И в другой раз они встретились в читальном зале: он вежливо поздоровался, но не получил ответа. «Наверное, не услышала…» – подумал он. Не пытался заговорить; не понимал того, что читает, в голове крутилось: «Нельзя её упустить… Не из тех, кто ищет на стороне…»
Он запомнил, когда девушка ушла в первый раз. Когда приблизилось то время, он сказал: «Девушка, семь часов вечера!»
Заира громко рассмеялась, обнажив красивые белые зубы. Из библиотеки они вышли вместе. Джирас узнал, что Заира оканчивает университет и будет учительницей русского языка и литературы.
Остальные события промелькнули быстро.
Сыграли свадьбу. В учреждении, где он работал, пошли ему навстречу, помогли и родители: он купил двухкомнатную квартиру. Словом, новоиспечённая семья начала новую жизнь. Однако счастья в этой семье не оказалось.
На первых порах, охваченный всепоглощающей любовью, Джирас не вспоминал слова Бенбеца, не задумывался над тем, в какой же семье выросла Заира. Хотя и знал, что она живёт с матерью и двумя сёстрами, разведёнными с мужьями. Об отношениях её отца и матери он узнал уже после свадьбы.

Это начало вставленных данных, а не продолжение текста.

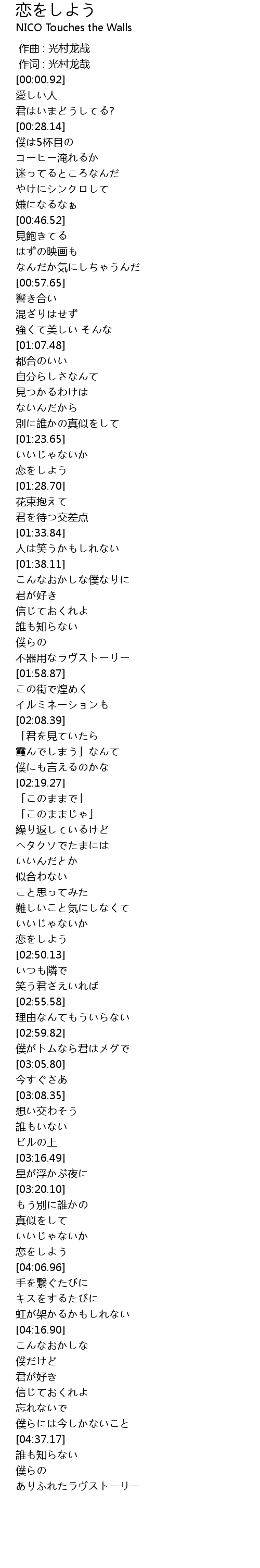 | [04:04.94] | 恋をしよう |

Отец из-за постоянных скандалов в семье был лишён родительских прав. Детство Заиры нельзя было назвать безоблачным. Она не могла забыть, как отец за волосы протащил мать по двору, а потом замахнулся на неё топором за то, что мать поздоровалась с соседом… Трёх-четырёхлетняя Заира вцепилась в руку отца с криком: «Отпусти маму!» Отброшенная сильной рукой, она отлетела, как мяч, и головой ударилась об стену… После того случая она возненавидела отца и даже в случайно возникающих разговорах с матерью или сёстрами никогда не называла его отцом.

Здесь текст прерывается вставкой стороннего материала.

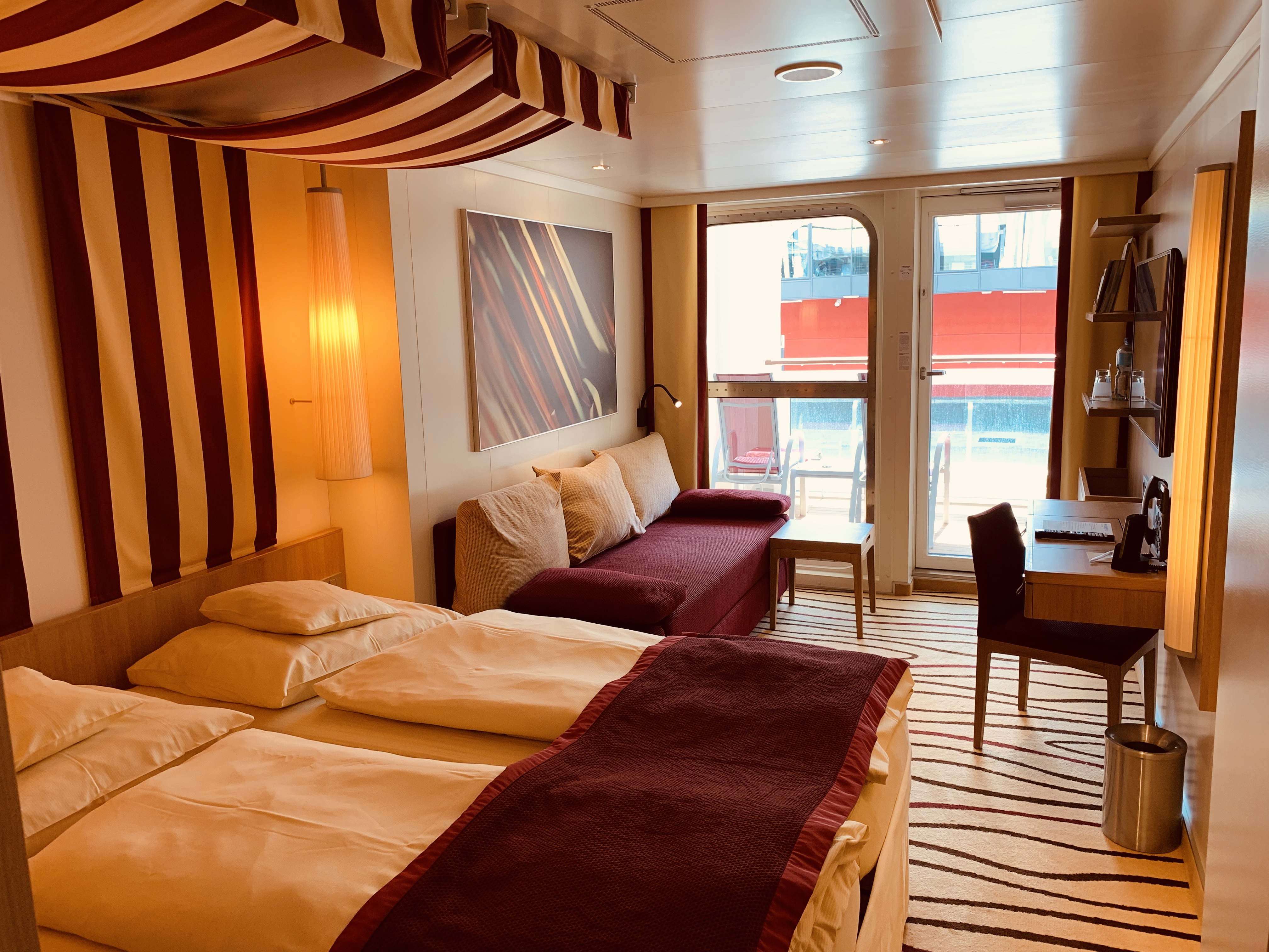 Wir haben auf der Metropolen Tour die Veranda Komfort Kabine bis zu 3 Personen (begehbare Kleiderschrank) auf der Perla gehabt.

В поведении дочери что-то проглядывалось от характера ненавистного ей отца. Если случалось, что на улице или на базаре Джирас здоровался со знакомой женщиной, Заира набрасывалась на него: «Почему ты здороваешься с ней?!» Задумываясь о детстве Заиры, отрицательно повлиявшем на её психику в те далёкие годы, Джирас осознавал: ненависть маленькой девочки, направленная на отца, с возрастом, постепенно усиливаясь, распространилась на всех мужчин; Джирас же был одним из них. Другого объяснения их отношениям он не находил…
Скандалы в семье учащались. Последний был из-за бронированной двери.
– Зачем она нам? – возразил жене Джирас. – На что воры позарятся?
– Все устанавливают. Почему нам нельзя? Разве мы какие-нибудь бомжи?
– Случайно захлопнешь бронированную дверь, говорят, потом её ни за что не откроешь.
– Другие как-то открывают, значит, и ты откроешь. Или ты не мужчина? – Заира не могла не уколоть мужа.
Джирас привык и уже не всегда чувствовал уколы жены. И нежелание его иметь бронированную дверь было связано не с маленькой зарплатой, ещё и выплачиваемой с опозданиями, и не с обычным: «Я мужчина, я так хочу!»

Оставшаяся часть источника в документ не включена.